Joshua J. Mark
published on 02 September 2009
Oenone (her name comes from the Greek word oinos, for 'wine’) was a Greek nymph and daughter of the river god Cebren, who lived on Mount Ida where she met the young Paris of the city of Troy. The two were married and enjoyed their life together until Paris’ voyage to Sparta where he met Helen, wife of Menelaus, and carried her off (thus igniting the Trojan War).
Oenone had been given the gift of prophecy by Rhea (the mother of the gods) and so foresaw the results of Paris’ actions in Sparta and tried to talk him out of going. Paris refused, however, and so Oenone told him that, should he be wounded in his venture, he should return to her for only she could heal him. When, in the course of the Trojan War, Paris was struck by the arrow of Philoctetes, he was carried to Mount Ida to be saved by the potions of Oenone. She, hurt by his betrayal of her with Helen of Sparta, refused to help him and he was brought back to Troy. Oenone repented of her decision and rushed to Troy with aid but arrived too late and found Paris already dead. In her grief and regret she flung herself onto his flaming funeral pyre and died (alternate ends of Oenone’s life claim she hanged herself or threw herself off a cliff near Troy).

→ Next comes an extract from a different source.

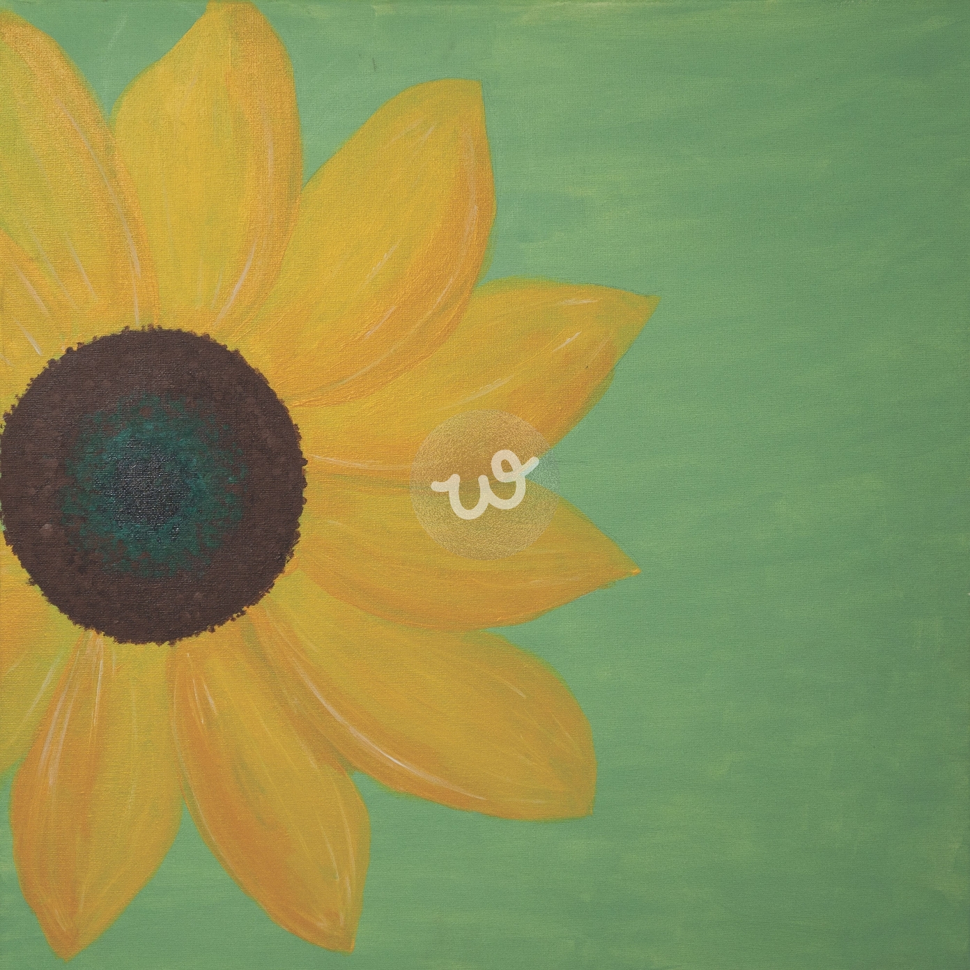 الصورة عبارة عن لوحة فنية مرسومة بأسلوب بسيط تصور زهرة عباد الشمس بألوان دافئة ومشرقة. تحتل الزهرة الزاوية اليسرى من اللوحة، بينما تمتد خلفية خضراء ناعمة على باقي المساحة. يتدرج لون بتلات الزهرة بين الأصفر والبرتقالي، مما يضفي عليها مظهرًا حيويًا وطبيعيًا. مركز الزهرة بني غامق مع لمسة من الأخضر الداكن، مما يضفي عمقًا وتفاصيل إضافية على العمل الفني. تركيبة اللوحة تركز على التباين بين الألوان الدافئة والباردة، مما يجعل الزهرة تبدو نابضة بالحياة.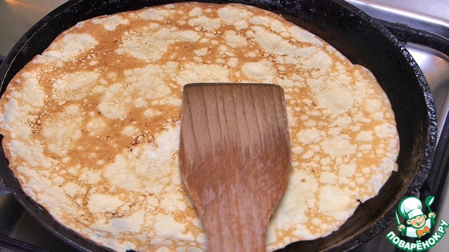 Обжариваю вторую сторону блина на умеренном огне 30-40 секунд.

Her name has since been translated as 'Lover of Paris’ without regard to etymological roots. The Greek island of Aegina was originally known as Oenone or Oinone, 'Island of Wine’, due to the excellence of the wine made there, before the great King Aeacus re-named it after his mother. It is generally held that the island’s original name had nothing to do with the Greek nymph. The English poet Tennyson (1809-1892 CE) wrote a famous poem about Oenone in 1833 CE which sparked widespread interest in the legend in the 19th century CE and inspired artists of the Romantic period.